A note on the summit tower: there is a mantel move in some exposure to get to the climb proper, then we found the best first move was to place a left foot on a flake low then push up to easier hand-holds. (Can protect with a silver #.4 or tricam.) From there, it’s 15’ to a good position of balance, where you can put in a quad anchor to two very solid chains. Gorgeous views at the top and room for one person to sit and take it all in!

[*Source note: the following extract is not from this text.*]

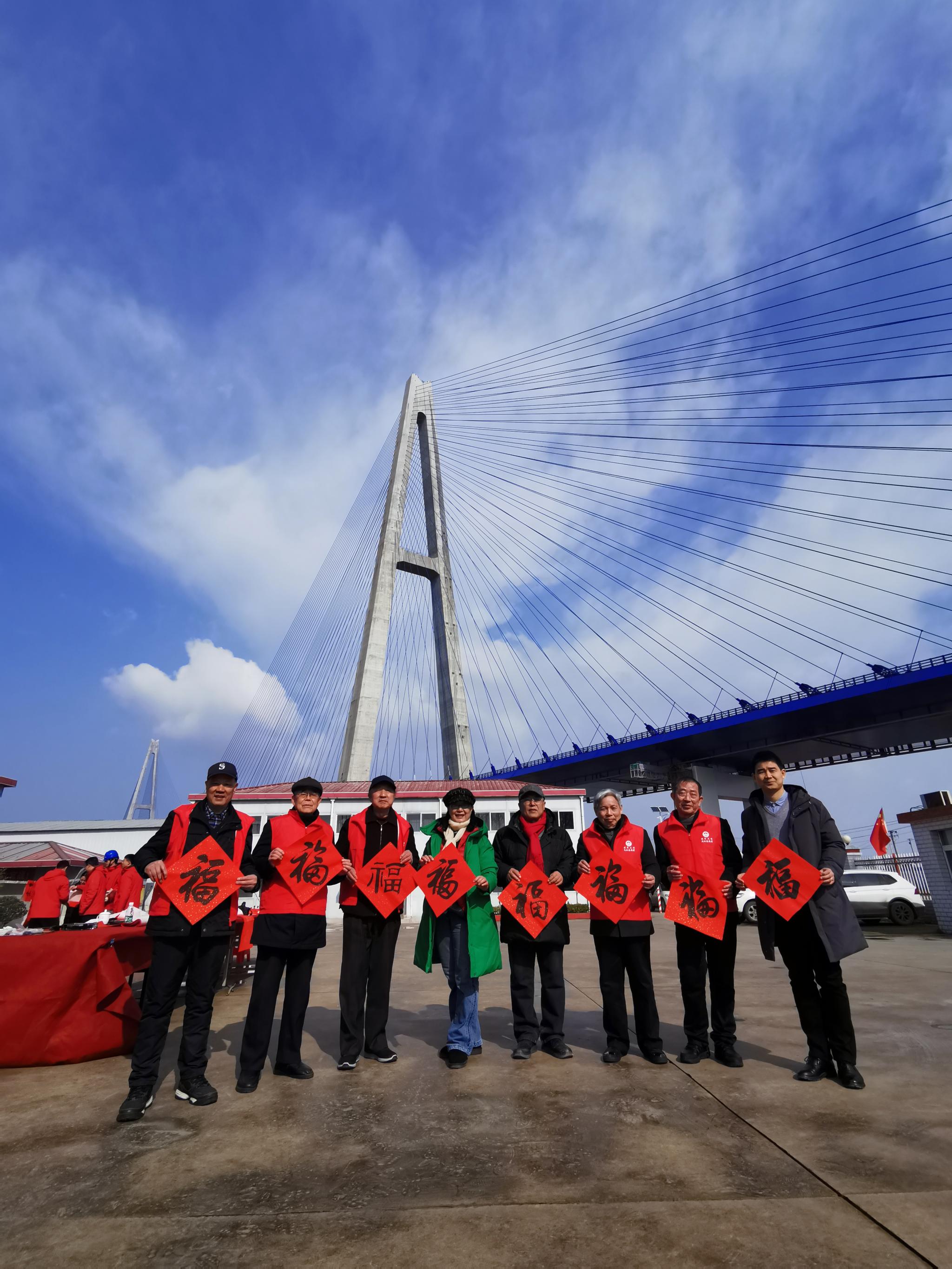 近日,新利客服老年志愿者协会文化分会的书画家们来到武汉青山长江大桥项目部,为中铁大

Once everyone had summited, we did a classic single-rope rappel off a big tree to the right with plenty of slings. Rappel #1  - with a super-fun overhang! - puts you right back at the base of pitch 1.

hanging rappel

We did another rappel til the end of the rope, then scrambled down the dirty gully a bit to the hidden gully and our packs. Another obvious tree with slings here takes you to a combination of scrambling and rappels - keep looking for trees and slings. Do be mindful that the descent of nature’s garbage chute (below) is perhaps the crux of the climb: rock fall danger is high – if students, review rock fall procedure and especially how to call out ROCK clearly and emphatically.

dirty gully

Our rappel game was mostly on-point, and we scrambled the final 100’ or so to the turn-off point. Here, we gathered, took a group photo, and made our way down the steep dirt hike. I was mindful of a slight ankle sprain today, and the First Aid lead did a great job of checking in to make sure things were good with all the satanically sliding dirt.

group photo

One note: as we came off the trail, I saw a family on a golf cart, who asked me if I was in a group then informed me this was private property. I said, of course, we’ll keep our voices down. But it occurred to me that perhaps this person wasn’t aware that this was a well-used route that even includes a "Yellowjacket" sign tacked a tree. Don’t know what this means, just a note for future leaders to be aware during that short section from the parking pull-out to the beginning of the trail.

Today's climb took 8:15 (7:28 am-3:43 pm) - right around where I wanted to be. We did a good debrief in the lot, including a discussion about dealing with rock fall, everyone had acted as a team, we were in good spirits, we congratulated the two students on their rock credit, and I was happy to get in my first mentored rock climb without incident. (Thank you to my mentor!) We then departed to enjoy this beautiful, unseasonably warm October day.